_About this exercise_:
Write out again, word for word, the lines below from the line that holds "11月3日,一艘輪船從三峽壩上水域一處水位線旁經過。" through the line that holds "i = quando acaba", omitting pictures.

_Records for this exercise_:
■ ■ ■ ■ ■

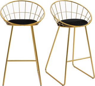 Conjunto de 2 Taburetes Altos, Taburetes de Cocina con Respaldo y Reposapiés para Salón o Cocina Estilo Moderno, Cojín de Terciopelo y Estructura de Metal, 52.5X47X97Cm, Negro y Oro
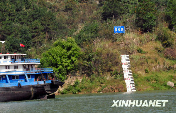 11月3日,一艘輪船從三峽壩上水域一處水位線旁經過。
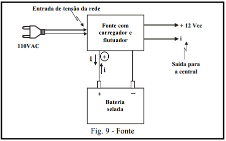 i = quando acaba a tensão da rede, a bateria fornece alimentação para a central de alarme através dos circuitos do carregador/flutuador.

■ ■ ■ ■ ■

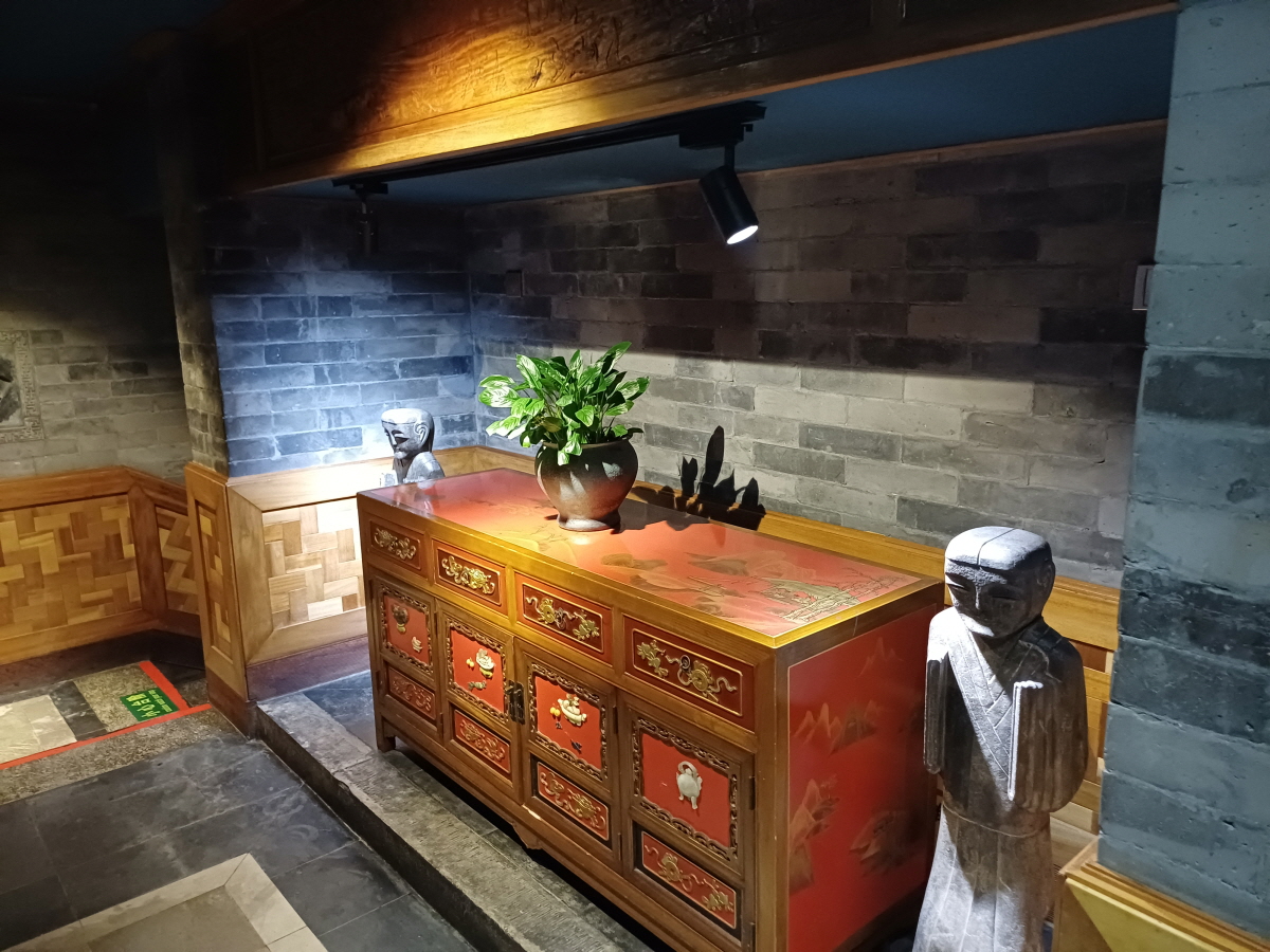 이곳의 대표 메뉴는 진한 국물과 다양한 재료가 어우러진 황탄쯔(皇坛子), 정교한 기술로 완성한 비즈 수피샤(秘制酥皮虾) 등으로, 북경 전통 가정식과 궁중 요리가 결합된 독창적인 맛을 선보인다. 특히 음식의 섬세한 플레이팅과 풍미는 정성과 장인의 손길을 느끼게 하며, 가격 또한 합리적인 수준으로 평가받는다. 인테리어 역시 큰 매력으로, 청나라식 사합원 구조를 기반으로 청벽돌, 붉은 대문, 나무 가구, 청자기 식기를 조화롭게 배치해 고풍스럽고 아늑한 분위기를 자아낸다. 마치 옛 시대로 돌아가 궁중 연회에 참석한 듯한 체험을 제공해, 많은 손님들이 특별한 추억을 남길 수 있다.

■ ■ ■ ■ ■

_Reply_:
 11月3日,一艘輪船從三峽壩上水域一處水位線旁經過。
 i = quando acaba a tensão da rede, a bateria fornece alimentação para a central de alarme através dos circuitos do carregador/flutuador.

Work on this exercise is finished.